**Data for analysis**
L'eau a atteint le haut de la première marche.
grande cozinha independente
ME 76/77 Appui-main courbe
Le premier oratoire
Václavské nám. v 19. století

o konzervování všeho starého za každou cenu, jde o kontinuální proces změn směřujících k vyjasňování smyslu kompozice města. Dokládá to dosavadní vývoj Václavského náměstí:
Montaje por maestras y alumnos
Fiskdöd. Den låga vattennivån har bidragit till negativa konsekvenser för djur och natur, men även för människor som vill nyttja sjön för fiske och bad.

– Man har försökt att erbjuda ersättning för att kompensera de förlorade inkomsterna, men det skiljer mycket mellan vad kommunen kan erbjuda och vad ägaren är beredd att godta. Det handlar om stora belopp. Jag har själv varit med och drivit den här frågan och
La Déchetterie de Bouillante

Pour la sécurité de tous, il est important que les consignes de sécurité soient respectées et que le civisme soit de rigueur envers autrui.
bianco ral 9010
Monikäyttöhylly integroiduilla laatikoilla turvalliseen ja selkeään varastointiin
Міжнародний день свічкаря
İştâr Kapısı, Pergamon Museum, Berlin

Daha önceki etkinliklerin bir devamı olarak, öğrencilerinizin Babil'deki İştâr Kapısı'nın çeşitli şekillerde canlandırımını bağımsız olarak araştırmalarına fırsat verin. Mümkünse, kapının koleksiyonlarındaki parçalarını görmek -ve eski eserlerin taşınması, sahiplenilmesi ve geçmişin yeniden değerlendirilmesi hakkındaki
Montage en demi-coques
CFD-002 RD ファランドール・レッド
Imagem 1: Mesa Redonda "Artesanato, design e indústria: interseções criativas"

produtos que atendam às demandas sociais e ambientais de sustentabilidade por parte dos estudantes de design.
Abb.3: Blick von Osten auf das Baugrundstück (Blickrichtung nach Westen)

...

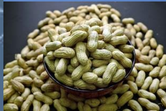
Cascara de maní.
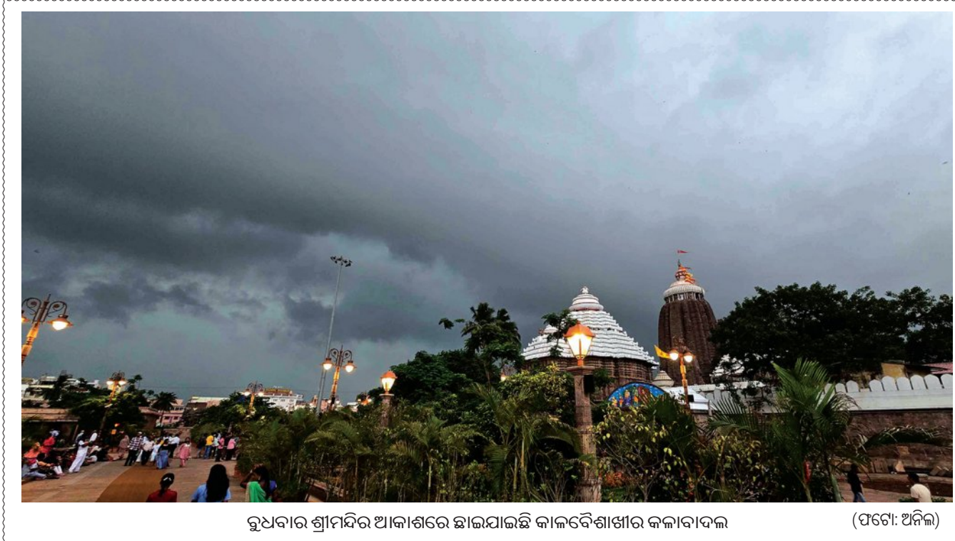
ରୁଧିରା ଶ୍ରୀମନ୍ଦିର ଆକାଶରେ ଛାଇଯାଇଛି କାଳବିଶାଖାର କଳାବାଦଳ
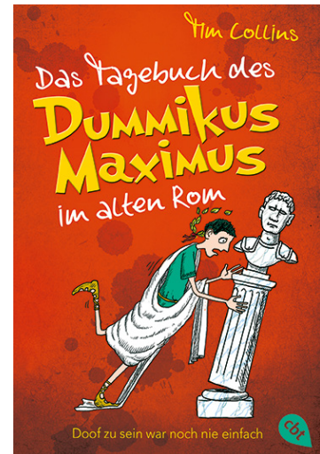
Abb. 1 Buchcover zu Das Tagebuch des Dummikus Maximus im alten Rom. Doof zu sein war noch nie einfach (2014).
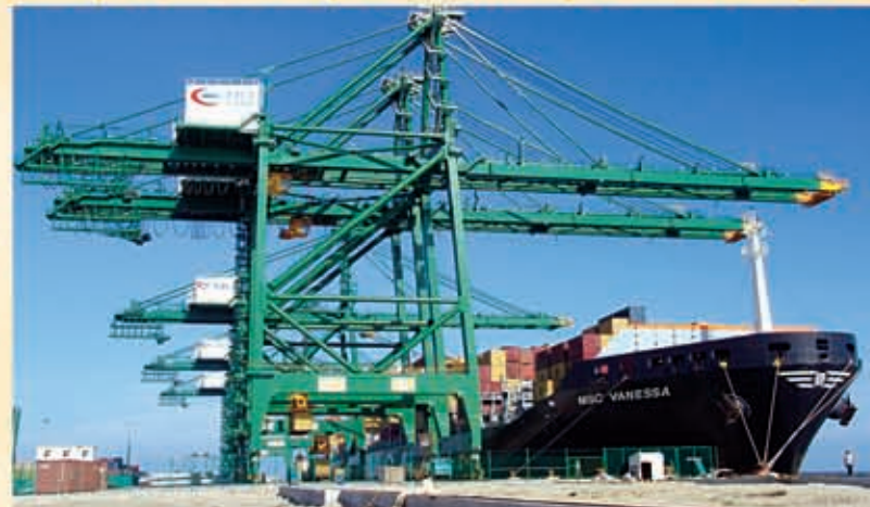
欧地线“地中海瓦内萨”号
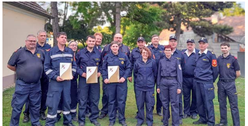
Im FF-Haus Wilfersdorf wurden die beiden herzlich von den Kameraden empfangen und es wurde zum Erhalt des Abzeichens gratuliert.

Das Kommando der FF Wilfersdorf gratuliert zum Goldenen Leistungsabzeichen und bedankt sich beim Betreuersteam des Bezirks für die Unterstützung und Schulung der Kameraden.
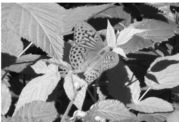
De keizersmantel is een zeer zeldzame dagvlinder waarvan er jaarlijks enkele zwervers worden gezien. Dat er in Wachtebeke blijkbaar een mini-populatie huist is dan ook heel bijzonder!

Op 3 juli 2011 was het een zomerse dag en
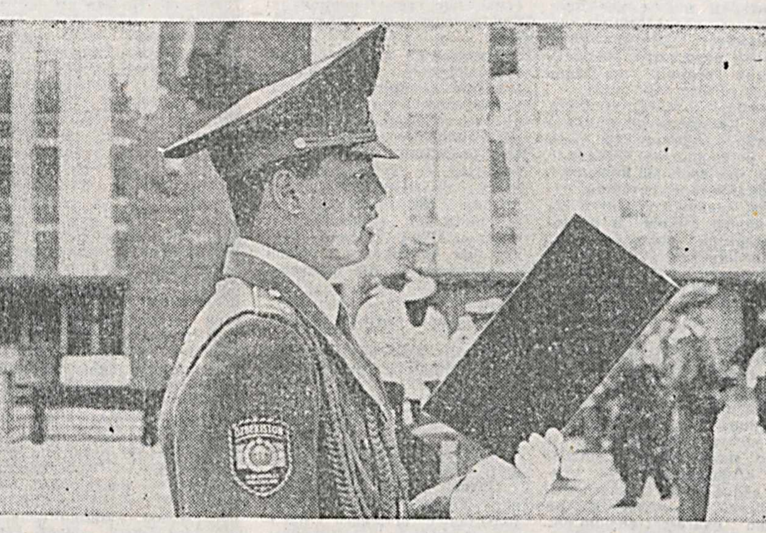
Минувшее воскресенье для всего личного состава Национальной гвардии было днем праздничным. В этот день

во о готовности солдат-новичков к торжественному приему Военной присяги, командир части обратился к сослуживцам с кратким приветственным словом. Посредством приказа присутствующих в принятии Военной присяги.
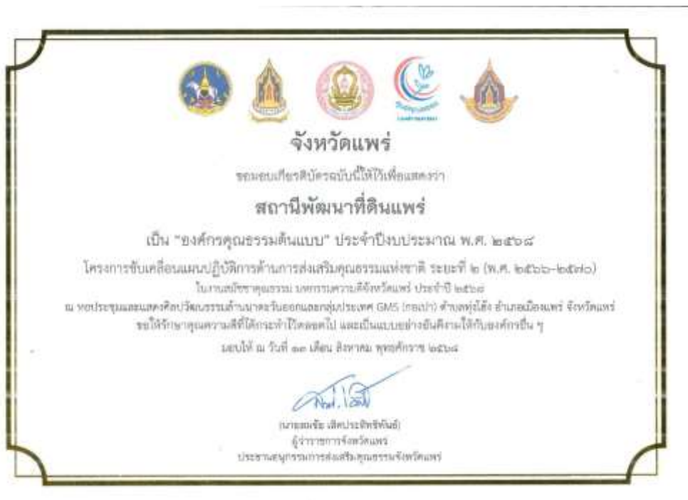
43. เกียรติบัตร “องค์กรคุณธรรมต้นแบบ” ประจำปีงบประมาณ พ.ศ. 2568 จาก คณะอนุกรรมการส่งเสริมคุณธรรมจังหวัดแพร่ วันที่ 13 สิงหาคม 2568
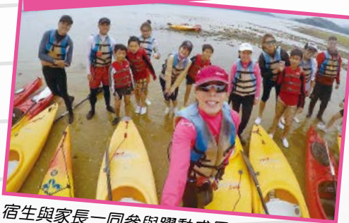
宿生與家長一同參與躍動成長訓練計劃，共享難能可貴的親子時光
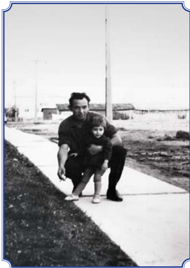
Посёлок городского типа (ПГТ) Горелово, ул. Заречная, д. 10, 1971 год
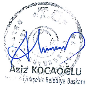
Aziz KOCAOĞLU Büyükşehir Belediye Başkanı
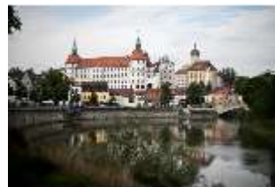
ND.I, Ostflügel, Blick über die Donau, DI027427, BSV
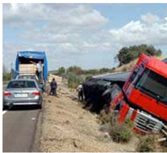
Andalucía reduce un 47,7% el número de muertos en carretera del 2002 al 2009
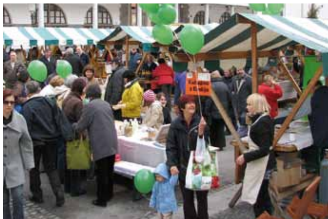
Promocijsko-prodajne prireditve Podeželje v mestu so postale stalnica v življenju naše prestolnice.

**Task details**
Repeat, word for word, the lines above between the line holding "L'eau a atteint" and the line holding "İştâr Kapısı, Pergamon Museum, Berlin", inclusive; omit everything else.

**Written response**
L'eau a atteint le haut de la première marche.
grande cozinha independente
ME 76/77 Appui-main courbe
Le premier oratoire
Václavské nám. v 19. století

o konzervování všeho starého za každou cenu, jde o kontinuální proces změn směřujících k vyjasňování smyslu kompozice města. Dokládá to dosavadní vývoj Václavského náměstí:
Montaje por maestras y alumnos
Fiskdöd. Den låga vattennivån har bidragit till negativa konsekvenser för djur och natur, men även för människor som vill nyttja sjön för fiske och bad.

– Man har försökt att erbjuda ersättning för att kompensera de förlorade inkomsterna, men det skiljer mycket mellan vad kommunen kan erbjuda och vad ägaren är beredd att godta. Det handlar om stora belopp. Jag har själv varit med och drivit den här frågan och
La Déchetterie de Bouillante

Pour la sécurité de tous, il est important que les consignes de sécurité soient respectées et que le civisme soit de rigueur envers autrui.
bianco ral 9010
Monikäyttöhylly integroiduilla laatikoilla turvalliseen ja selkeään varastointiin
Міжнародний день свічкаря
İştâr Kapısı, Pergamon Museum, Berlin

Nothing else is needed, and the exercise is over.